Britain’s productivity used to grow at about 2% a year, but first the financial crisis and then Brexit, followed by Covid, has devastated its growth. British business and training investment has always been at the bottom of the international league table so that British workers tend to be both underequipped and undertrained with all that means for productivity. The economy’s saving grace has been its openness to trade, helping stimulate competition even on the underequipped and undertrained, and that, greatly helped by EU membership, Britain developed a broad-based service sector economy, becoming the second biggest exporter of services in the world.

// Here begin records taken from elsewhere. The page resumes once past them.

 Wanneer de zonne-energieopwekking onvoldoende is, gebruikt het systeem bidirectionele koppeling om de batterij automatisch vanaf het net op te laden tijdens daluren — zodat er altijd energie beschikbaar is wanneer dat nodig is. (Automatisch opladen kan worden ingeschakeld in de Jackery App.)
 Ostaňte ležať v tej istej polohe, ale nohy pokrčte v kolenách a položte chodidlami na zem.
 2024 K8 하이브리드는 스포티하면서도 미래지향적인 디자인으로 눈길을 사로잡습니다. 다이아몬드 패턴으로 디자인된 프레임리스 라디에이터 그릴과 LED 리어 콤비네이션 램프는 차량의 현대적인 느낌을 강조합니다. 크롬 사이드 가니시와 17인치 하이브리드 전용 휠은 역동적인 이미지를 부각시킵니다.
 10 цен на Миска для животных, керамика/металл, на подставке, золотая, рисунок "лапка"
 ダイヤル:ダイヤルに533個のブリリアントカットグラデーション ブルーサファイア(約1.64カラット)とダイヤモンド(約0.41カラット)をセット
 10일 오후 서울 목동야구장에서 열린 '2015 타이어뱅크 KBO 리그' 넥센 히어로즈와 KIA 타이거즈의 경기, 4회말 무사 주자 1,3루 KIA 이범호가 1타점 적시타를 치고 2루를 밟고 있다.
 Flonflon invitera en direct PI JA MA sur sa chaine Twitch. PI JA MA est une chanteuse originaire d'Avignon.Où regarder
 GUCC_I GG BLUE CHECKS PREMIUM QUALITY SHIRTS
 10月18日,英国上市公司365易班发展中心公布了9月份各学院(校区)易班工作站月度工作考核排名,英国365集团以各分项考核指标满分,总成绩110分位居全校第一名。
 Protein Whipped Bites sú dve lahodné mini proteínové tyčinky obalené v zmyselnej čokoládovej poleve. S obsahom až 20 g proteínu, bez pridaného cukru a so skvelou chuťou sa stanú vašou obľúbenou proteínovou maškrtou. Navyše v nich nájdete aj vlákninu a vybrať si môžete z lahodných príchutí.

Brexit apologists point to the fact that the performance of the French and German economies within the EU has hardly been stellar. That’s not the point. EU membership had conferred on Britain unique advantages that have now been trashed. Our openness to trade has been dramatically reduced, while our service industries no longer have unfettered access to EU markets. We could have been the best in Europe; instead we have to comfort ourselves that others are scarcely doing better. The OBR has been compelled to admit that reality, and lower its projections of trend productivity

On top, Reeves has been advised to double her fiscal margin for error, the so-called “fiscal headroom”, by £10bn to £20bn, to compensate for the now nonexistent savings the aborted welfare reforms would have produced and to find resources both to abolish the two-child limit on child benefits and to cut energy bills. With slower growth the fiscal shortfall quickly climbs towards £40bn, although there could be lower debt service costs and other unexpected revenue boosts that draw some of the sting.

Overall it’s not a happy picture. Trend productivity, it turns out, is not nerdish at all.